Thought it's funny to interpret the Bush team's disparagement of the reality-based community as meaning that they are avowedly ignoring the facts, the truth is that this is a serious misrepresentation of what the guy was trying to say to Ron Suskind. The point the guy was trying to make was analagous to Marx's 11th thesis on Feuerbach: "The philosophers have only interpreted the world, in various ways; the point is to change it." This speaks, I think, less to Bush's religiosity (though plausible analogies can be drawn between Marxian eschatology and Christian millenarianism) than simply to the contemporary right's proclivity for taking on the worst aspects of yesteryear's leftwing radicalism.

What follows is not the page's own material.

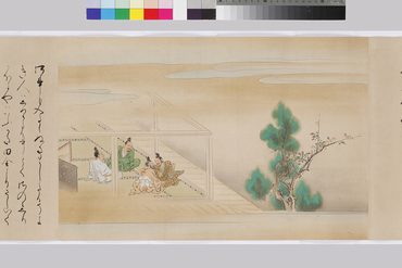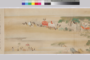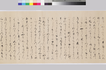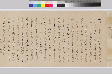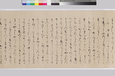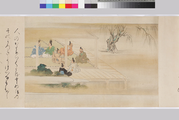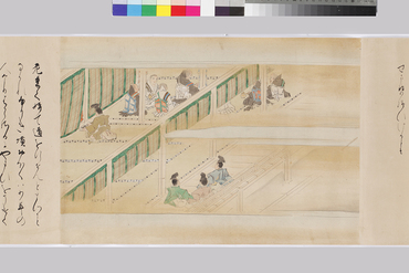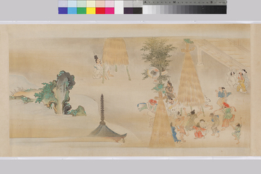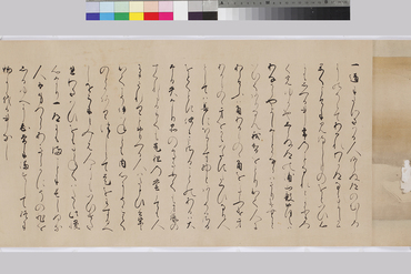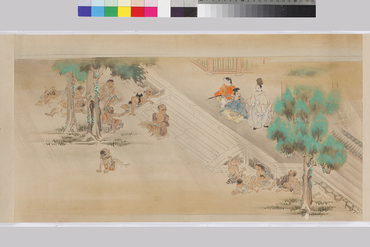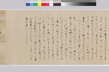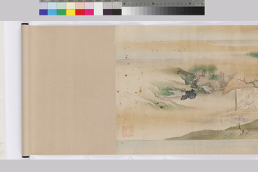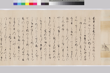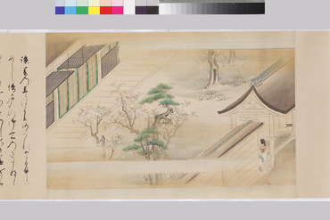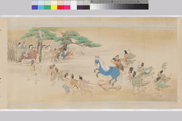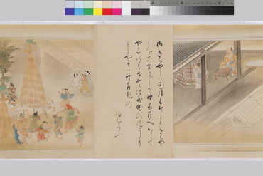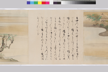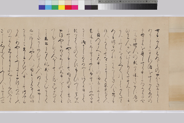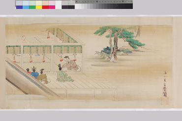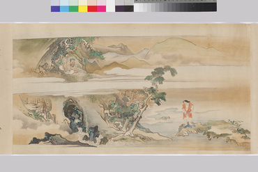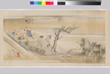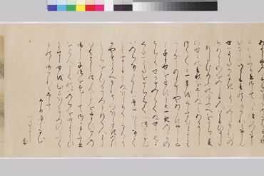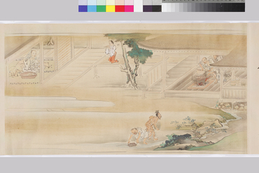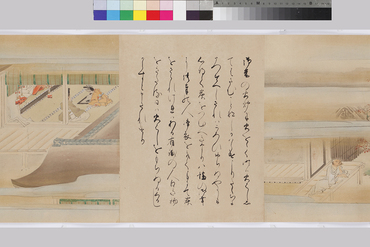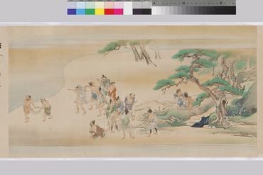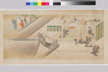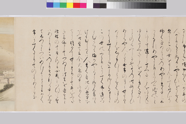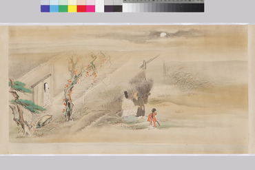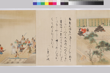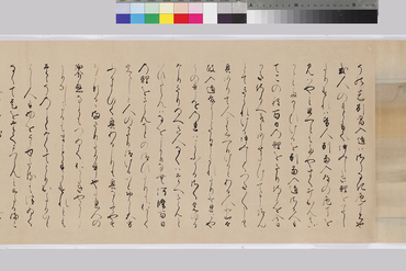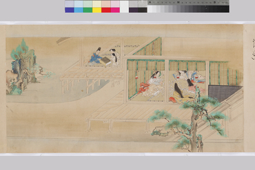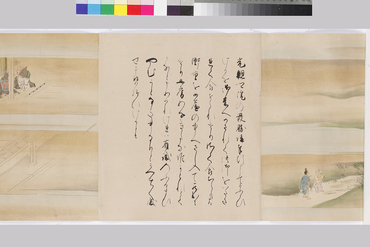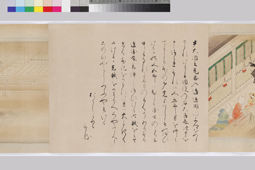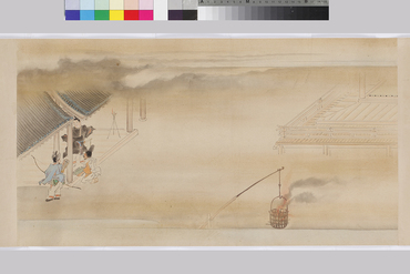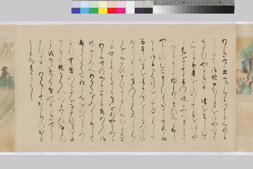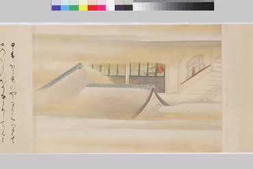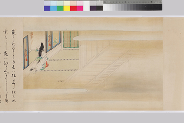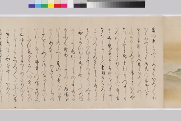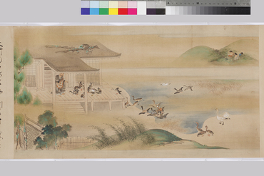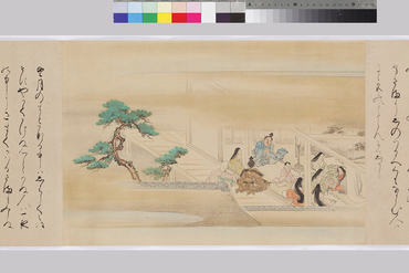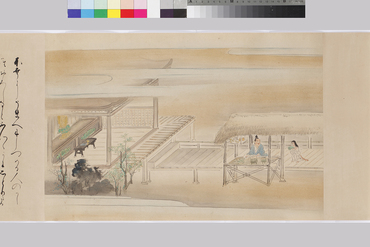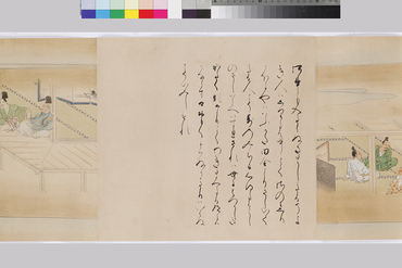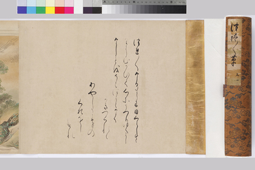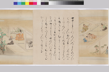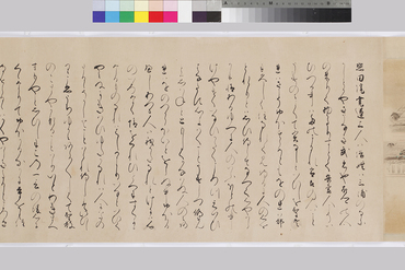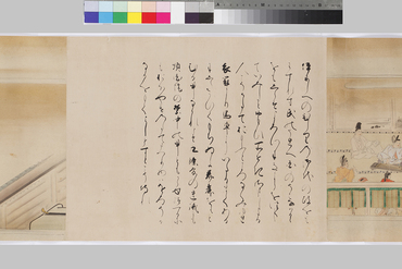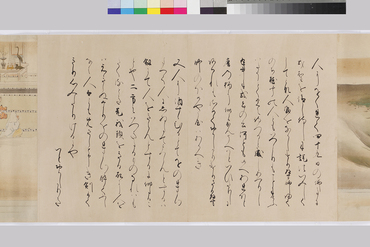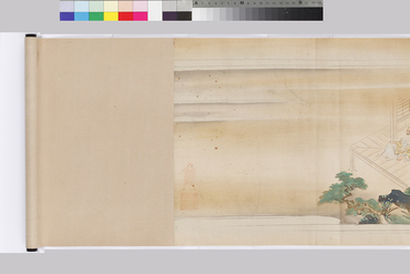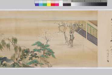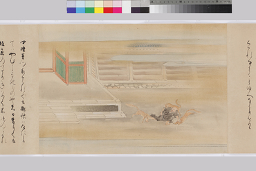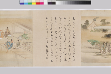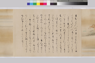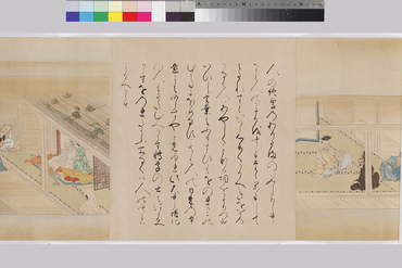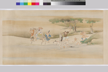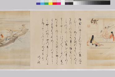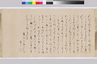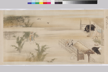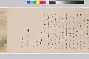 This is the only existing major picture scroll with explanatory notes for the whole text and illustrations for all chapters of the Tsurezuregusa (Essays in Idleness) written by the monk Kenkō. The esthetics of Kenkō are symbolically expressed in soft hues by Yūsetsu, the son of Kaihō Yūshō. Illustrations of the Tsurezuregusa, which was written in the Kamakura period, began to appear in the Edo period. The annotated and illustrated edition of the Nagusamigusa published around 1652 (Keian 5) is traditionally regarded as the first Tsurezure-e (Essays in Idleness painting). However, the chapter divisions in this picture scroll are consistent with an earlier printed book making it a valuable scroll that predates the publication of the Nagusamigusa.

There's this shared penchant for identifying problems, then putting foreward grandiose proposals for sweeping structural solutions, and then displaying no interest in (or an active hostility toward) efforts to ameliorate the previously-identified problem, lest pragmatic modifications wind up hindering attempts at "consciousness-raising" to build support for sweeping change. The present is held to be so obviously intolerable that one needn't give any serious thought to whether or not your proposals for change are practical, the means by which you plan to implement them moral, or their likely effects actually beneficial.

There's an obsession with purity, both of ideology and motive at the expense of assessments of actual consequences; a valorization of action and mobilization, a disdain for thoughtfulness, caution, detail, comity, and consensus.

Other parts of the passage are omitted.